══ EXTRACTED DATA

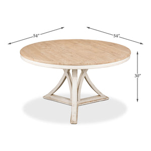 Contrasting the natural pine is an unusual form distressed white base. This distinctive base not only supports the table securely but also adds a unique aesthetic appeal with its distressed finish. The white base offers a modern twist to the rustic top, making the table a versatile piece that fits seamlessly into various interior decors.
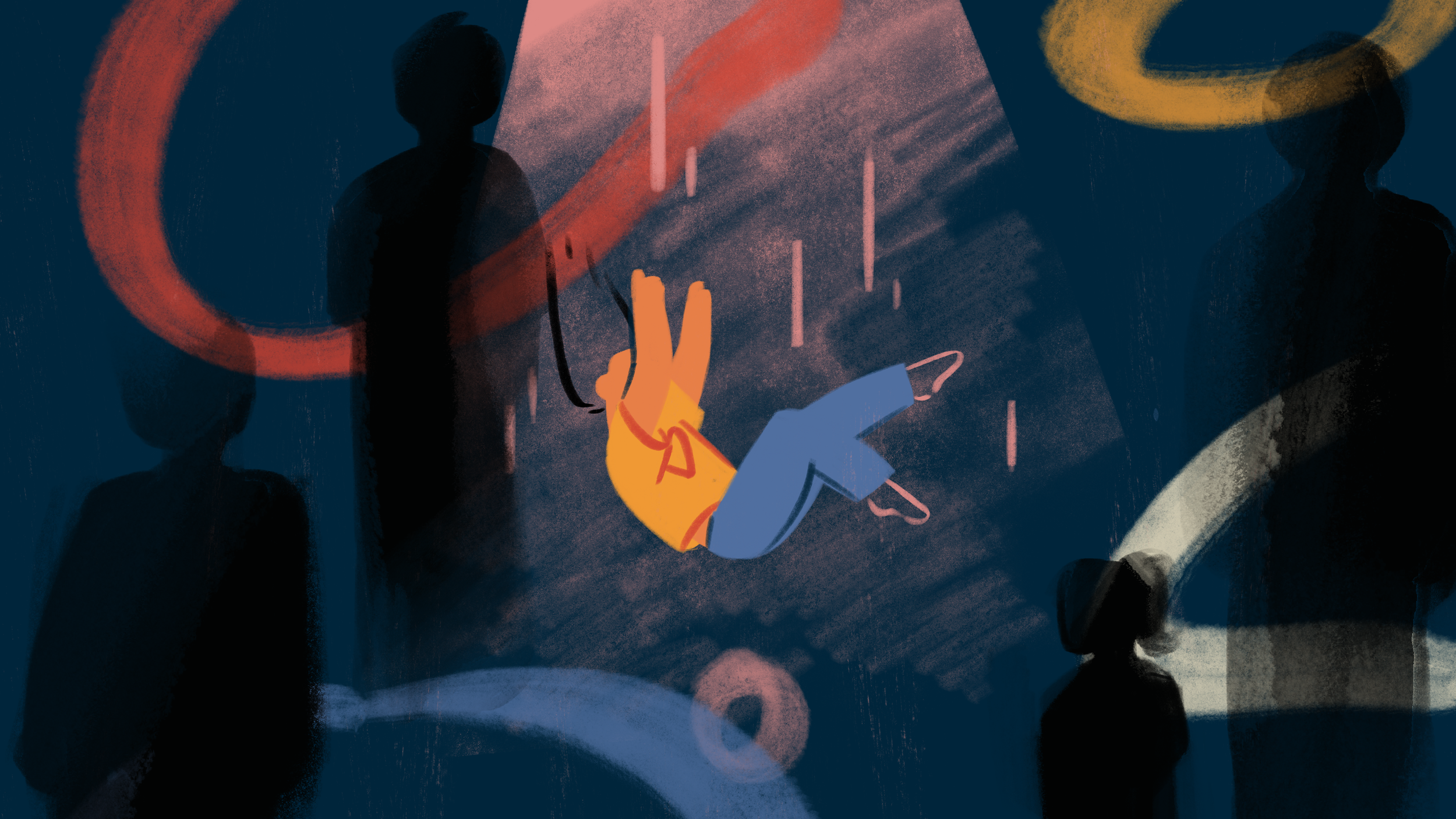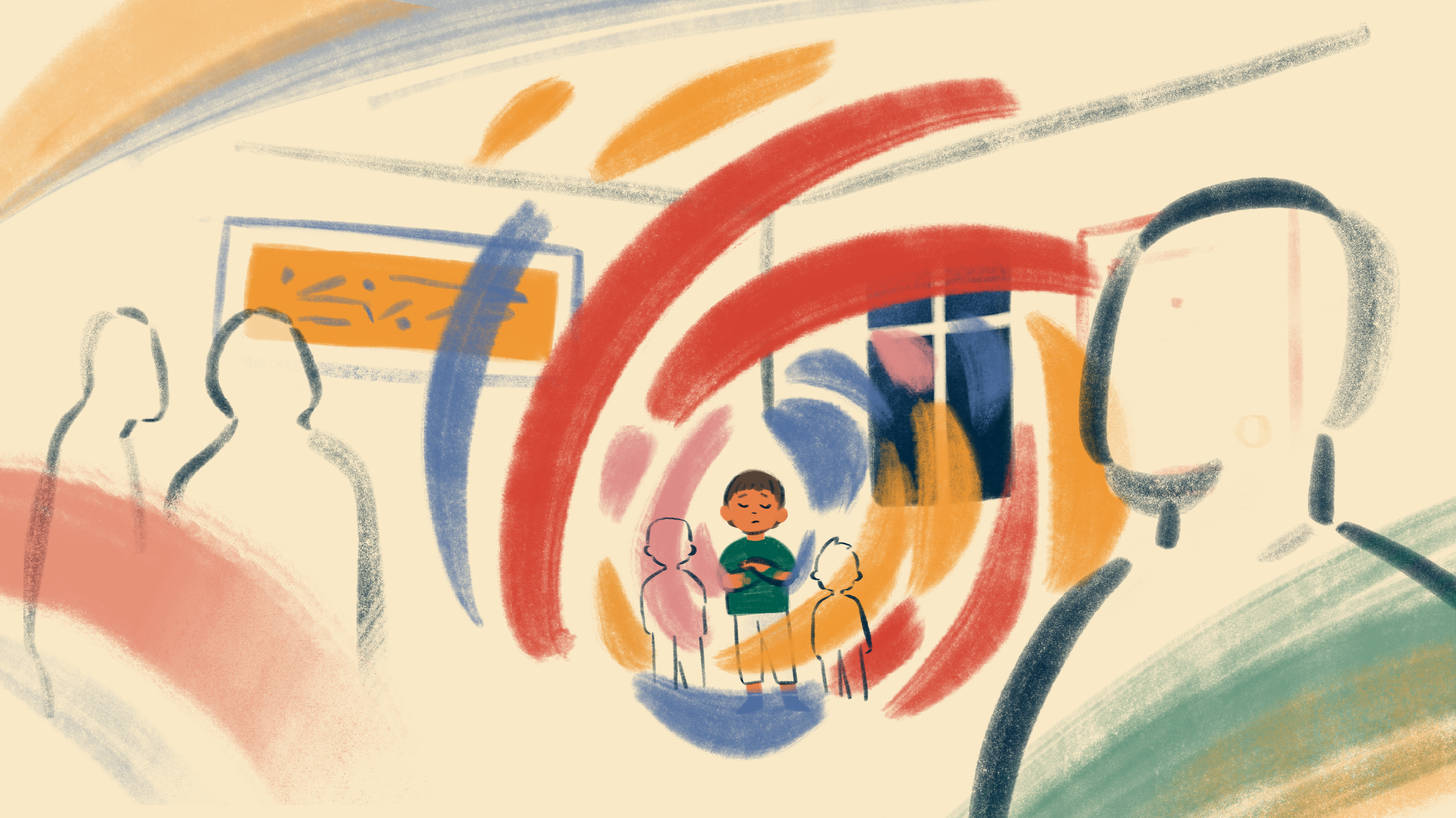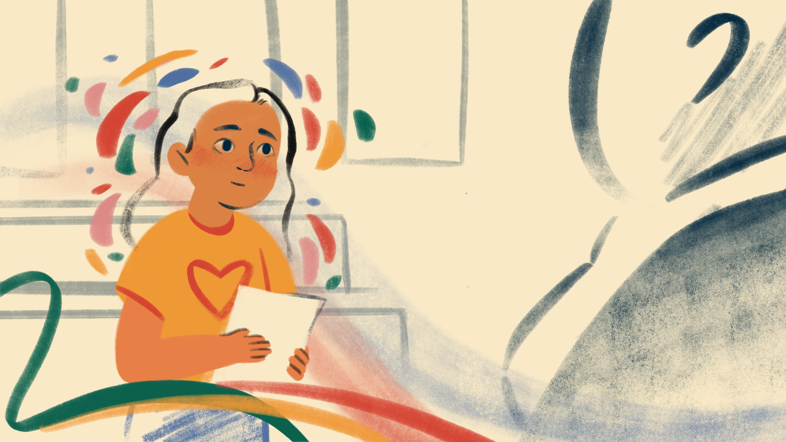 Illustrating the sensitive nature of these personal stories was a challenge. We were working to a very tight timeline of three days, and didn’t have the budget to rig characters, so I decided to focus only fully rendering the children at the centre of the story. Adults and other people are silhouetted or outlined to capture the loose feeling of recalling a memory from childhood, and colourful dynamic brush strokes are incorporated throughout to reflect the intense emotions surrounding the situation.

════
══ EXTRACTED DATA

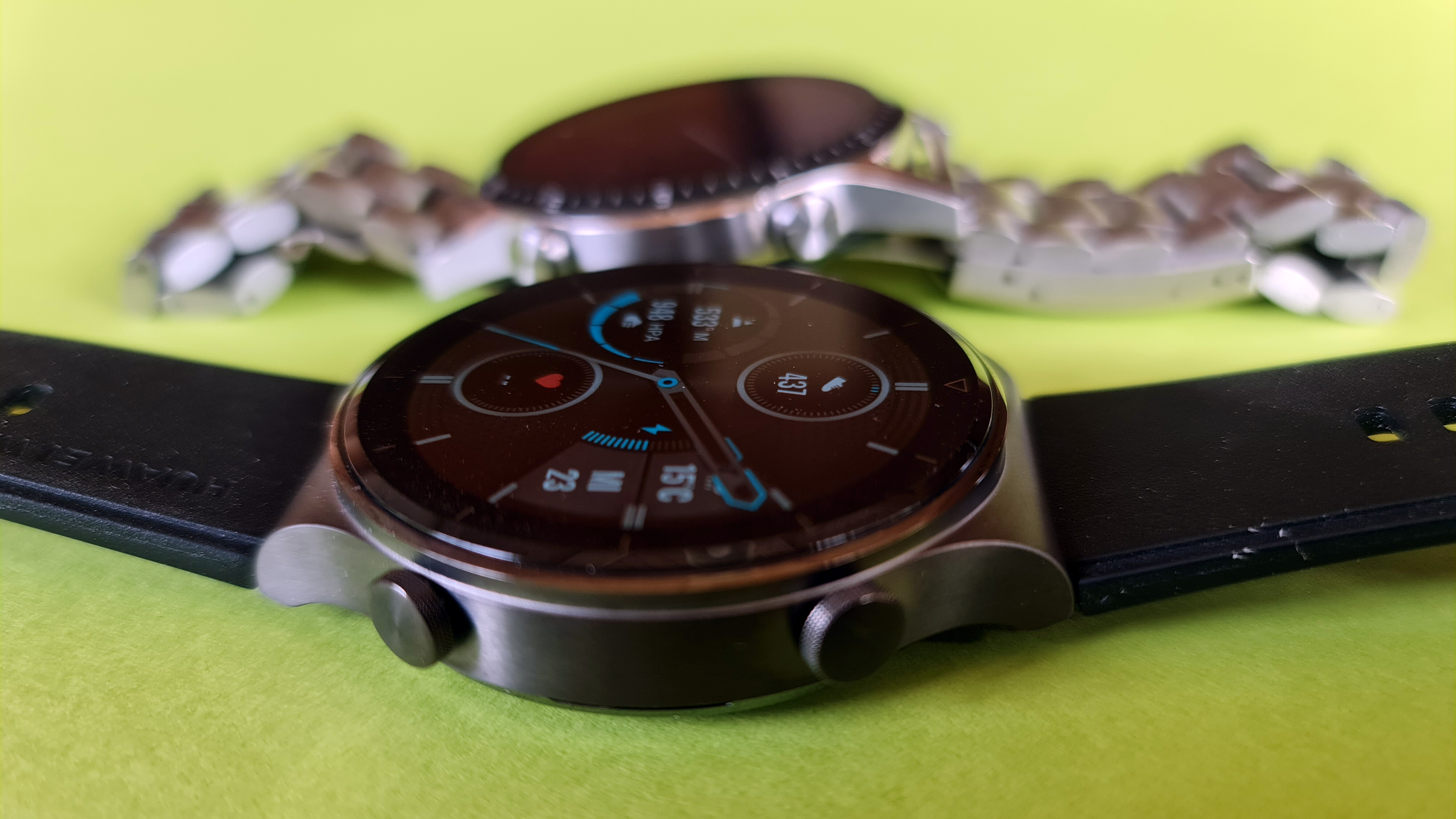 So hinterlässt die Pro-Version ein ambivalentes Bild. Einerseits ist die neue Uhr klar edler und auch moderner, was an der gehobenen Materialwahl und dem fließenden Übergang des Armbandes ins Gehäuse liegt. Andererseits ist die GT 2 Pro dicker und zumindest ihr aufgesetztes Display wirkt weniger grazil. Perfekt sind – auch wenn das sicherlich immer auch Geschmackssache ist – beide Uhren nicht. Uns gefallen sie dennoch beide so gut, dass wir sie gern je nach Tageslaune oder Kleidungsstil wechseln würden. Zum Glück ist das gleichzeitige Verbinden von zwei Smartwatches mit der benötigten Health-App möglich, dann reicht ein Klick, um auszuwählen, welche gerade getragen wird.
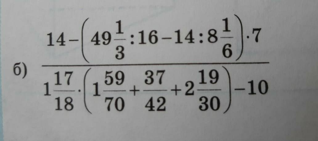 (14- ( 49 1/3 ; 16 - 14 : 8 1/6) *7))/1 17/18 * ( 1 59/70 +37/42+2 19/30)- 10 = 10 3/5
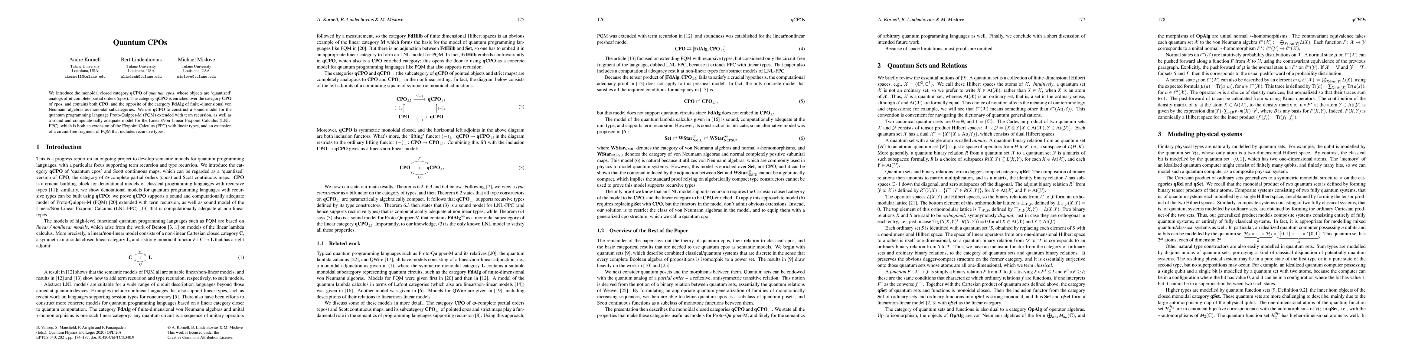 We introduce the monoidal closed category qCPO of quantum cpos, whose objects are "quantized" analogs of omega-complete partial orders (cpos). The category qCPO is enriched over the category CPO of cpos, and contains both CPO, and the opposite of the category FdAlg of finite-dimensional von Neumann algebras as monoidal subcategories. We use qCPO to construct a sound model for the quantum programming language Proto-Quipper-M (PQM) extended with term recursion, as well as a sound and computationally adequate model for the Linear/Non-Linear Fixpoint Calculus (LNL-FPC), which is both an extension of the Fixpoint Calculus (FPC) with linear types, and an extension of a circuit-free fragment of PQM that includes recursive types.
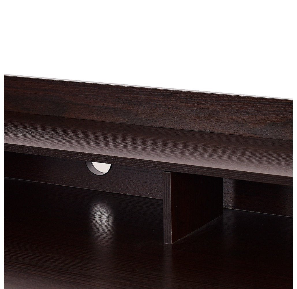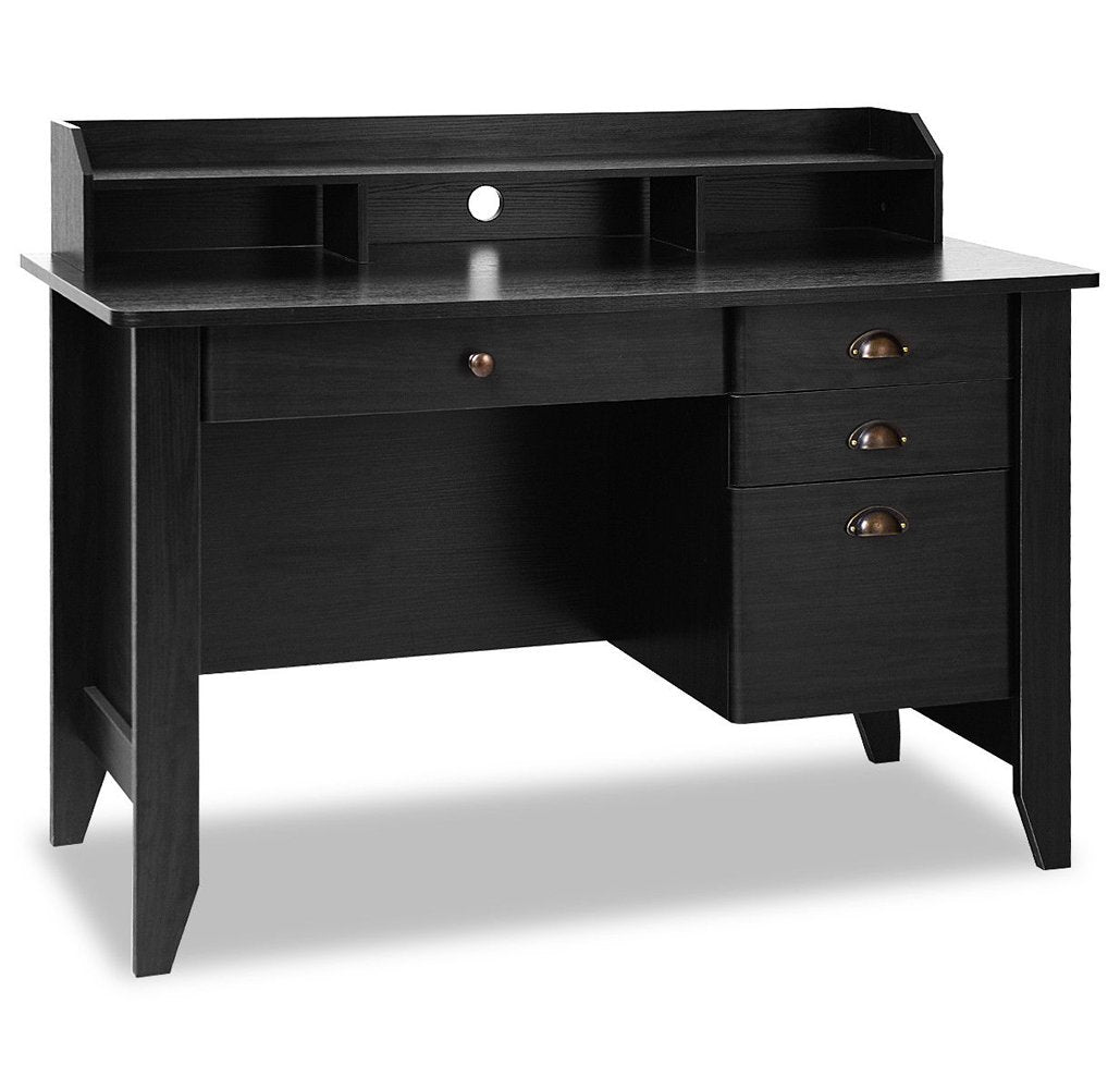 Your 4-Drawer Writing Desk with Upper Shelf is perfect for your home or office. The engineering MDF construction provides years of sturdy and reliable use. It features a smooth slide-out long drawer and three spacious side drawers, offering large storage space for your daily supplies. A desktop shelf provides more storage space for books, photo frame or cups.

════
══ EXTRACTED DATA

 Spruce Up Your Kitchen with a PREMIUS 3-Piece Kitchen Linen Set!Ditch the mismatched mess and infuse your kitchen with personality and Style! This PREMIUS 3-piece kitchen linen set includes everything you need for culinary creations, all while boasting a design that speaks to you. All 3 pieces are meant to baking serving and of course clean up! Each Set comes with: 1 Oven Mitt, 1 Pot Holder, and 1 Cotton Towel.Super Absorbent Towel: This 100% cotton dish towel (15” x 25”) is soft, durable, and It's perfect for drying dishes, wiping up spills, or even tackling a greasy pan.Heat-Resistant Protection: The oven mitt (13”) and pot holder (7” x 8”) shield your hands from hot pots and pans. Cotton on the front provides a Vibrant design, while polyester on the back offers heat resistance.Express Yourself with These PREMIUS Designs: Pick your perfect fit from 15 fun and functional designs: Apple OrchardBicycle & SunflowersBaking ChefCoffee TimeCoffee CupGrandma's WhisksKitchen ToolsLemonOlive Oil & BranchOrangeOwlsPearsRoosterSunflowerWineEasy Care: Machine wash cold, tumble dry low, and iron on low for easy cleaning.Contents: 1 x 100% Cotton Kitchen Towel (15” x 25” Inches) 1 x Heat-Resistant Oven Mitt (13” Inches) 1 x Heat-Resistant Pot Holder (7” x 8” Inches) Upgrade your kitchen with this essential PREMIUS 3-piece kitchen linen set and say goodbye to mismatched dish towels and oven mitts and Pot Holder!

════

● THE TASK
Exactly the lines above from the one that contains "(14- ( 49 1/3" down to the one that contains "Your 4-Drawer Writing" are to be output, both ends kept and pictures omitted.

● REPLY
 (14- ( 49 1/3 ; 16 - 14 : 8 1/6) *7))/1 17/18 * ( 1 59/70 +37/42+2 19/30)- 10 = 10 3/5
 We introduce the monoidal closed category qCPO of quantum cpos, whose objects are "quantized" analogs of omega-complete partial orders (cpos). The category qCPO is enriched over the category CPO of cpos, and contains both CPO, and the opposite of the category FdAlg of finite-dimensional von Neumann algebras as monoidal subcategories. We use qCPO to construct a sound model for the quantum programming language Proto-Quipper-M (PQM) extended with term recursion, as well as a sound and computationally adequate model for the Linear/Non-Linear Fixpoint Calculus (LNL-FPC), which is both an extension of the Fixpoint Calculus (FPC) with linear types, and an extension of a circuit-free fragment of PQM that includes recursive types.
 Your 4-Drawer Writing Desk with Upper Shelf is perfect for your home or office. The engineering MDF construction provides years of sturdy and reliable use. It features a smooth slide-out long drawer and three spacious side drawers, offering large storage space for your daily supplies. A desktop shelf provides more storage space for books, photo frame or cups.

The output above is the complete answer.